**Task details**: Transcribe only the lines in the data below falling between the line with "Вспомните, как жидкий" and the line with "perles protectrices bleues", including those two lines, and leave out any picture.

**Materials provided**:
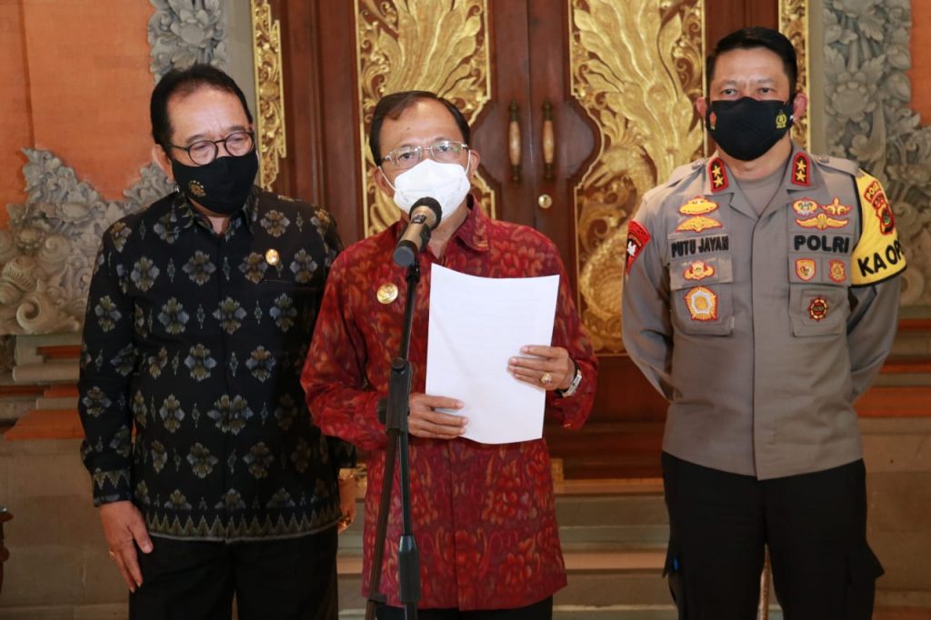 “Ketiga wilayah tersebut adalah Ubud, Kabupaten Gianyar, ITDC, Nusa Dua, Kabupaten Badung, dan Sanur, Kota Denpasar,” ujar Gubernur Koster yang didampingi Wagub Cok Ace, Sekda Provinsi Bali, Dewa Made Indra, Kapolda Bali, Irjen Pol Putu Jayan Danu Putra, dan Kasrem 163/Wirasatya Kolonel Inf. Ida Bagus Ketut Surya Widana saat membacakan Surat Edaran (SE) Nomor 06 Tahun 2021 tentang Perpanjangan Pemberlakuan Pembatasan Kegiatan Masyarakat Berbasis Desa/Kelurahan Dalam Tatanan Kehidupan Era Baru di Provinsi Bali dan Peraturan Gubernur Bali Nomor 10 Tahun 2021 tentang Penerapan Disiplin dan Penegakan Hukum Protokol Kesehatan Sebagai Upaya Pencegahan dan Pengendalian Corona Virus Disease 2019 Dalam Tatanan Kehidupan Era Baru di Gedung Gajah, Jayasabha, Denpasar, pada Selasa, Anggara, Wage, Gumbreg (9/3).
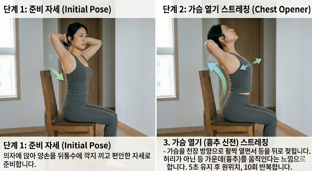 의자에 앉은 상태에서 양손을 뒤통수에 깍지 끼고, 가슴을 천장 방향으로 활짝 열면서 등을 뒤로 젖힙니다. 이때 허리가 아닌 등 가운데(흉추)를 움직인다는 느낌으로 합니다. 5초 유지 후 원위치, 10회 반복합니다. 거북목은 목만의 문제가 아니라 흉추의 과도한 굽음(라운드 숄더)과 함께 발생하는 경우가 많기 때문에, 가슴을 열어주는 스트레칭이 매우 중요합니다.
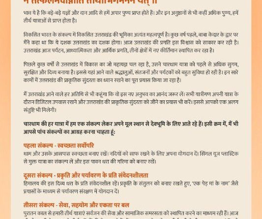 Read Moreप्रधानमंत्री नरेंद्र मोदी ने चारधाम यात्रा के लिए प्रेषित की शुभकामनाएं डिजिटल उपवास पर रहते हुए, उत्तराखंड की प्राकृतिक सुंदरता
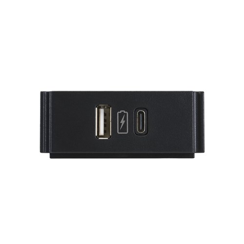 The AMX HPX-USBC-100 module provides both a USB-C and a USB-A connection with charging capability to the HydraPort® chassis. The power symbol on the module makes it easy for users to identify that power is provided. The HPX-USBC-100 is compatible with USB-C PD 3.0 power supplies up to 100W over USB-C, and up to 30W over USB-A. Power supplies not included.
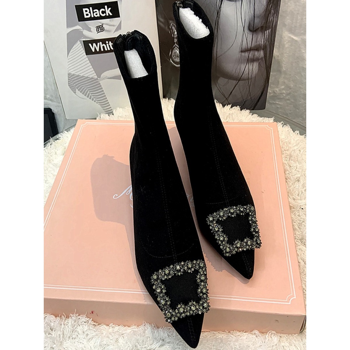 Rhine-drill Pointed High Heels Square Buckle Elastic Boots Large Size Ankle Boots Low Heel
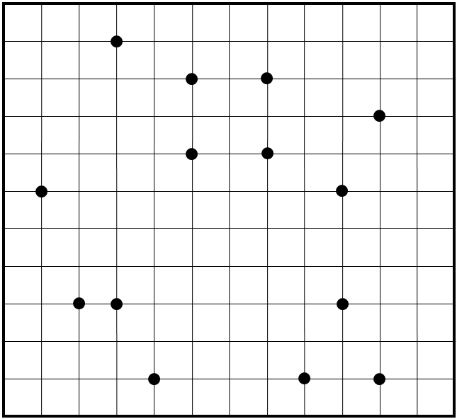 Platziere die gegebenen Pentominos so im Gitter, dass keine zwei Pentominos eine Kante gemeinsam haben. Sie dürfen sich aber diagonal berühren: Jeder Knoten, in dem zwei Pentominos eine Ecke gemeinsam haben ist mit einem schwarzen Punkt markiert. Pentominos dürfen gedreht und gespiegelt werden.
...
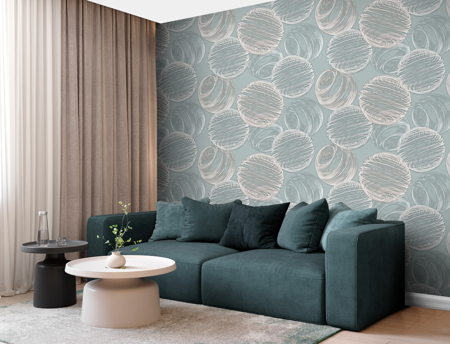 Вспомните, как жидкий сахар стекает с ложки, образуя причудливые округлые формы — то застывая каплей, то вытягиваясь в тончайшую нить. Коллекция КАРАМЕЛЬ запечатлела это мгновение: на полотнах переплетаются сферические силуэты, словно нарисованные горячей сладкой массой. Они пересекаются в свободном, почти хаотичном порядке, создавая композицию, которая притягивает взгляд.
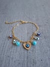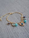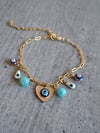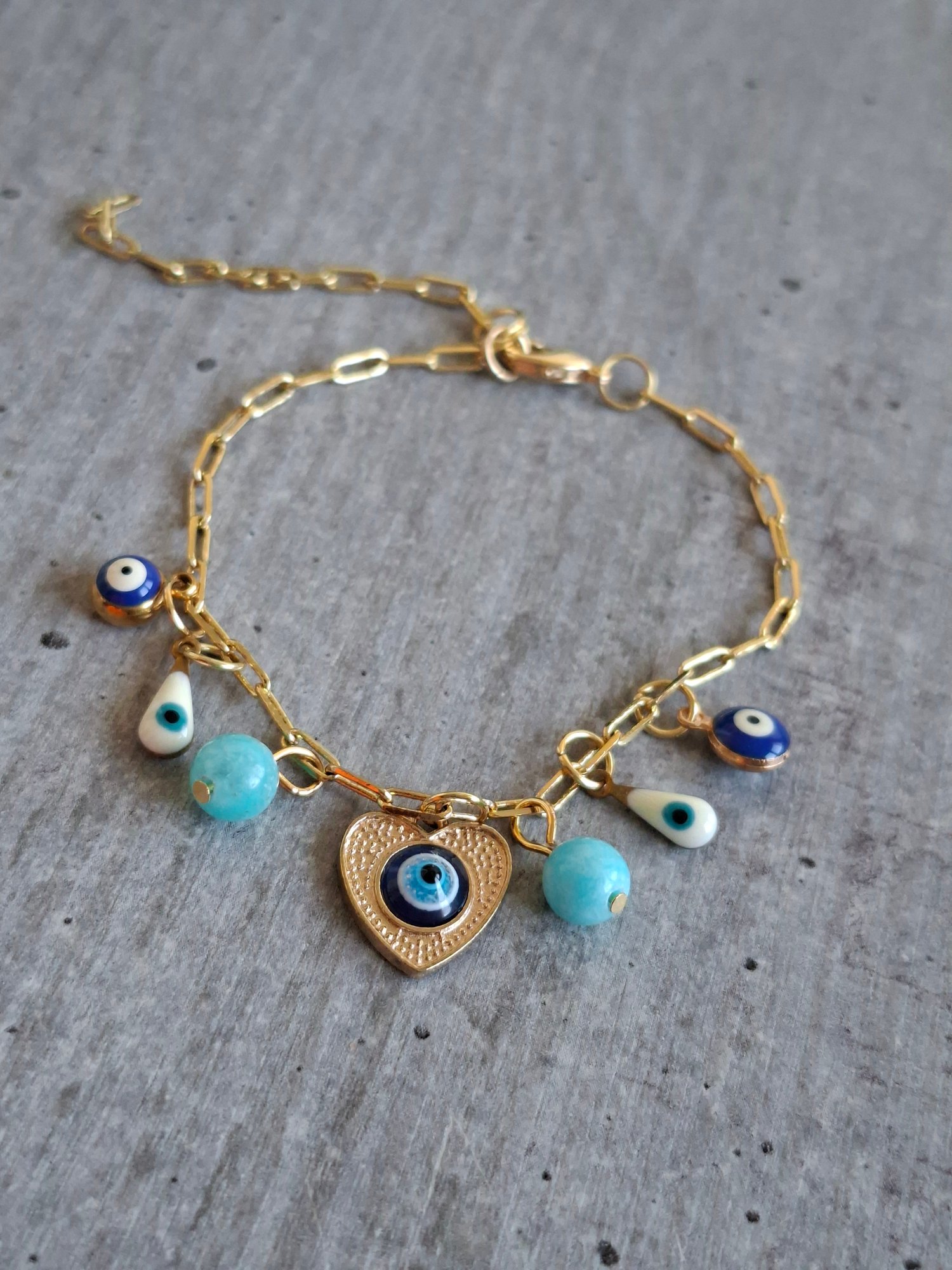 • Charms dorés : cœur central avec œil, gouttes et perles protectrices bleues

**Solution for this exercise**:
 Вспомните, как жидкий сахар стекает с ложки, образуя причудливые округлые формы — то застывая каплей, то вытягиваясь в тончайшую нить. Коллекция КАРАМЕЛЬ запечатлела это мгновение: на полотнах переплетаются сферические силуэты, словно нарисованные горячей сладкой массой. Они пересекаются в свободном, почти хаотичном порядке, создавая композицию, которая притягивает взгляд.
 • Charms dorés : cœur central avec œil, gouttes et perles protectrices bleues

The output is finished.